Will this change the Indian approach on FMCT? No. If India feels spurned in this whole approach, will it back away from these sorts of things, especially if the United States is trying to lead? Perhaps. But key things that this does gain directly on nonproliferation are on testing and on transparency.
A third thing I should point out is it’s an opportunity to reinforce the consensus approach of the Nuclear Suppliers Group, which has been badly undermined in recent years by Russian exploitation of what’s called a safety loophole. And I won’t get into details. Bottom line, it’s a loophole. It’s a way of avoiding the consensus approach that’s really fundamental to NSG.
And we’re very clear that the United States needs to go through normal process, needs to get actual rule changes at the NSG, not perpetuate this abuse of this loophole. That in turn helps solidify the NSG as a consensus group.
MS. SCHMEMANN: Okay, let’s hear from some of our Indian and Pakistani colleagues here as well. In India, it seems the deal represents India’s arrival on the world stage, and it’s been conflated to mean recognition of India by the U.S. as an equal partner. So—Sridhar—what do you think?

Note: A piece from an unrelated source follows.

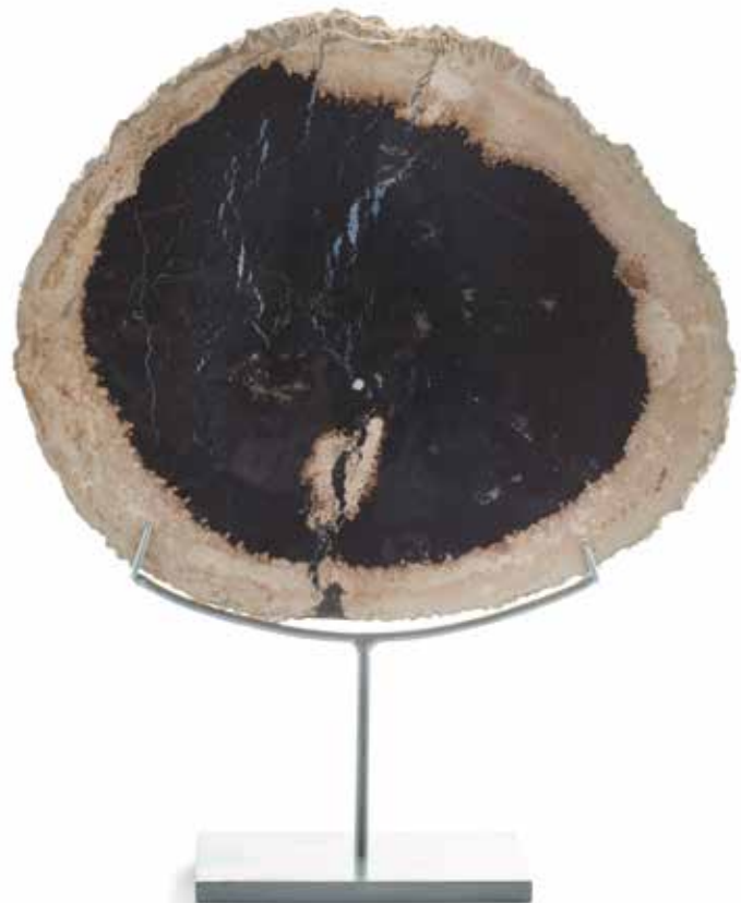
51 Tranche de bois fossile. Palmier. Pliocène, Sumatra, Indonésie Présentée sur un socle. Dimensions : 32 cm x 29 cm Hauteur (avec le socle) : 40 cm 200 / 300 €

Question: Yeah. My question has got to do with how do you—how confident or how optimistic are you of this deal getting through the NSG, given China’s—China has already made it very clear that they would like—they have backed Pakistan in their call for a similar kind of arrangement with the U.S. So why do you all sit here talking about what the Congress should do or should not do when we’re only sure that one-half of what you want Congress to do is likely to get through, because the other part of it, getting the NSG approval, is very much in the air?
MS. SCHMEMANN: Briefly on NSG approval: Charles, do you want to take that on?
MR. FERGUSON: Yeah. And also Michael should probably comment, too, because he’s actually talked to some people involved in the NSG process. I think there is probably going to be a lot of kind of “log rolling” going on; as we say in American politics, a lot of give and take.
You know, China, as you point out, is a sticking point, but it seems like the French and the Russians, certainly, they’re eager for this deal to go through. You know, they’ve been lined up for some time to sell nuclear technology to India. As Michael indicated, the Russians already cited a safety loophole in the NSG rules to provide nuclear fuel to Tarapur, and they’re building reactors in Kudunkulum. And you know, Russians want to do more business. The French also want to do more business.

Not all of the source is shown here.